▶ [What is expected] There are pictures in the records below; leave them out and set down exactly the lines from the one holding "下午4点,我正在对ATM机消" through the one holding "图1卫星观测和Noah-MP模式模拟的LAI变化趋势及其一致性".
-- Given records follows --
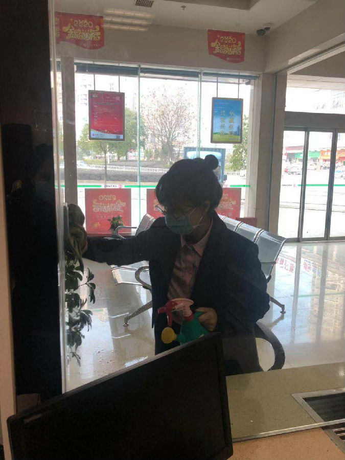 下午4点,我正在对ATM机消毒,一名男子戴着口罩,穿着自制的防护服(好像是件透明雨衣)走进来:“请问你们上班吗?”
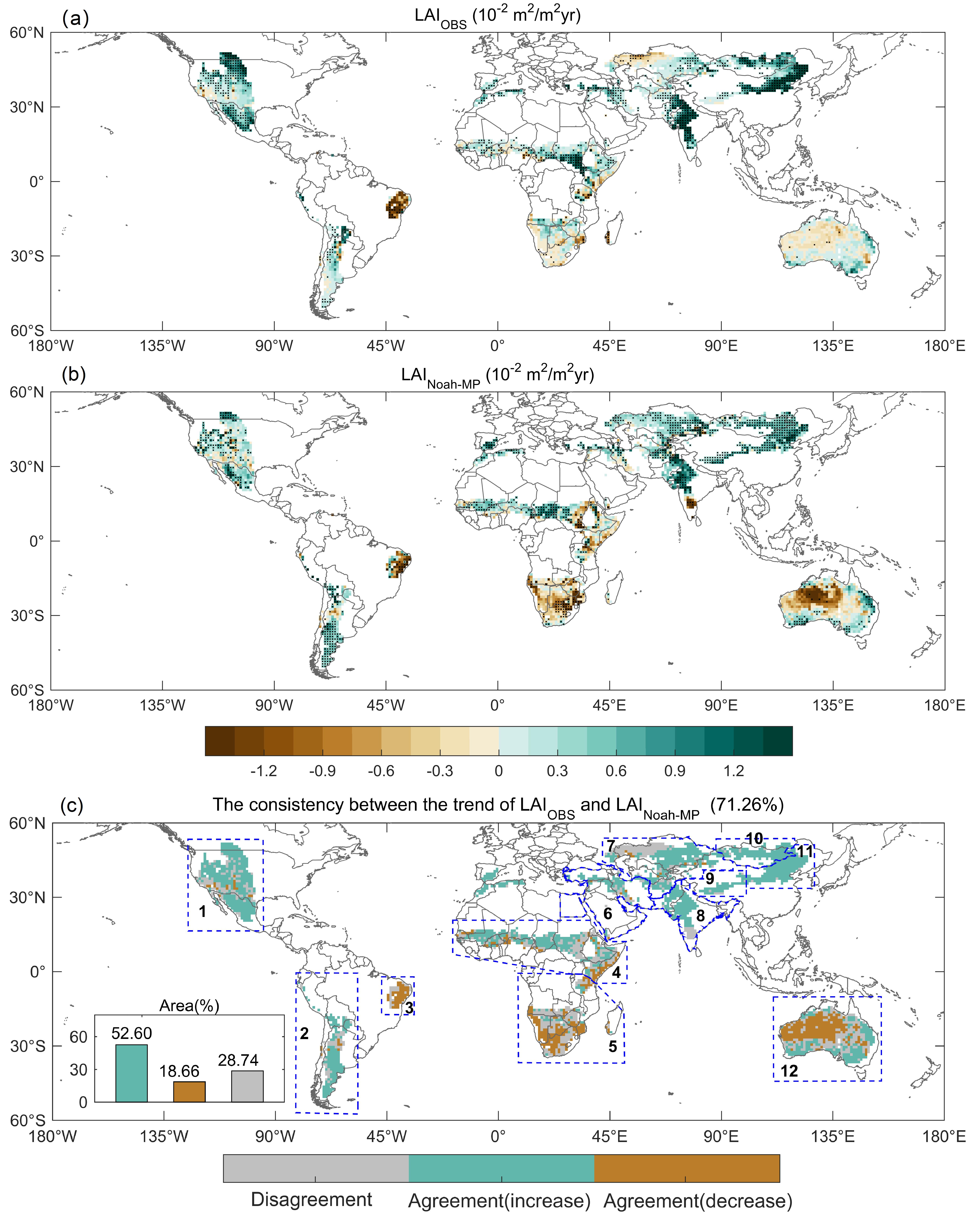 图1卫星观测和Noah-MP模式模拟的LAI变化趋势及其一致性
-- Given records concluded --
-- Given records follows --
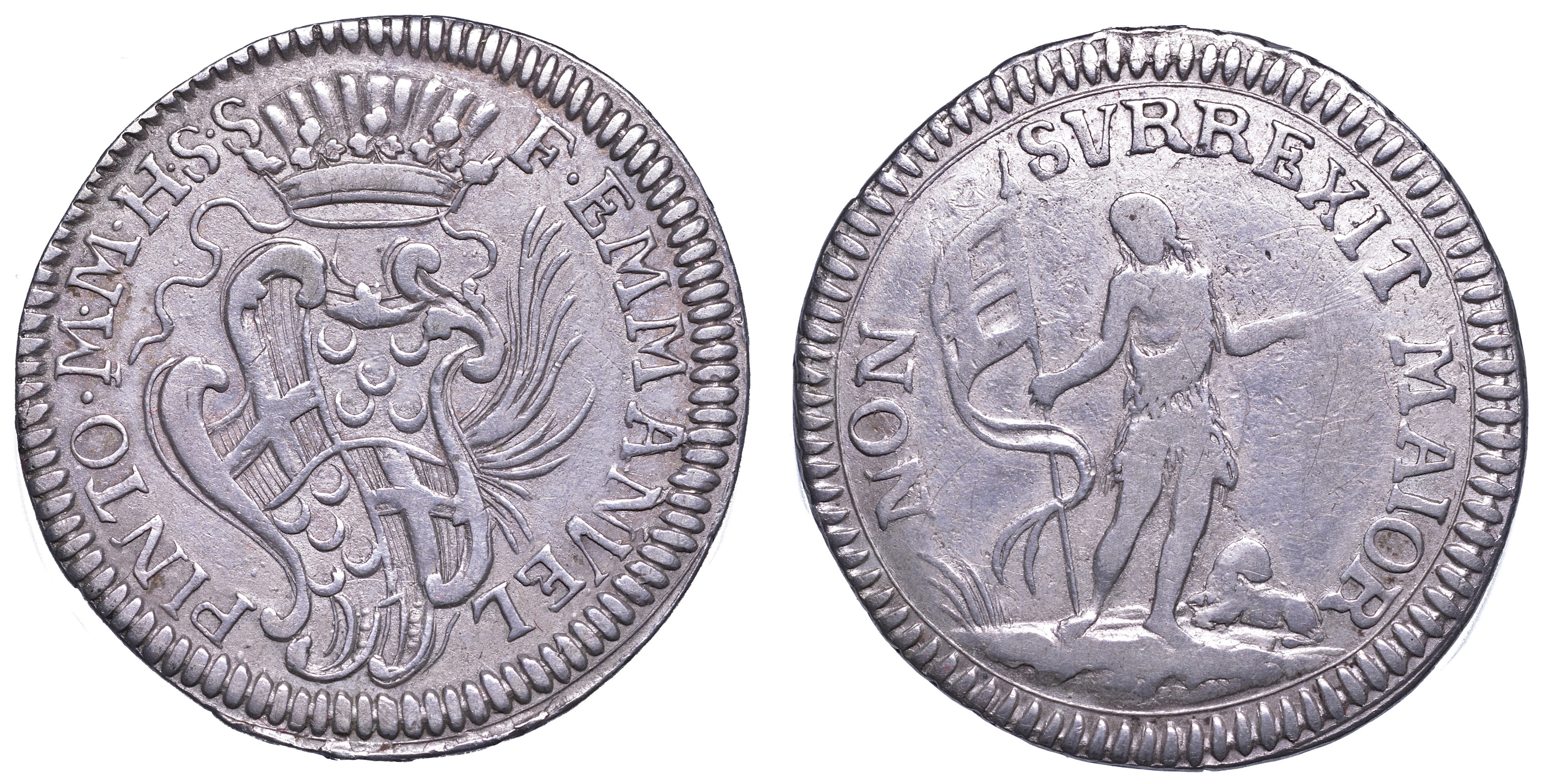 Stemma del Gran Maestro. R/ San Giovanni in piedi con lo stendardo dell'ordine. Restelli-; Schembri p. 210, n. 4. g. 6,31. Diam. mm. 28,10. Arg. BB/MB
-- Given records concluded --
-- Given records follows --
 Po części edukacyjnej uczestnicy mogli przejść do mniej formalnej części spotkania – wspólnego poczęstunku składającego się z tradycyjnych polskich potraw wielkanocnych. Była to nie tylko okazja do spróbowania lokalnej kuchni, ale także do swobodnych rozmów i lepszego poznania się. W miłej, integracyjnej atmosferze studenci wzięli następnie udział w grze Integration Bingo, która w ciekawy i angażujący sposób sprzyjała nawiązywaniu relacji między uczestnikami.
-- Given records concluded --
▶ [Result of the task]
 下午4点,我正在对ATM机消毒,一名男子戴着口罩,穿着自制的防护服(好像是件透明雨衣)走进来:“请问你们上班吗?”
 图1卫星观测和Noah-MP模式模拟的LAI变化趋势及其一致性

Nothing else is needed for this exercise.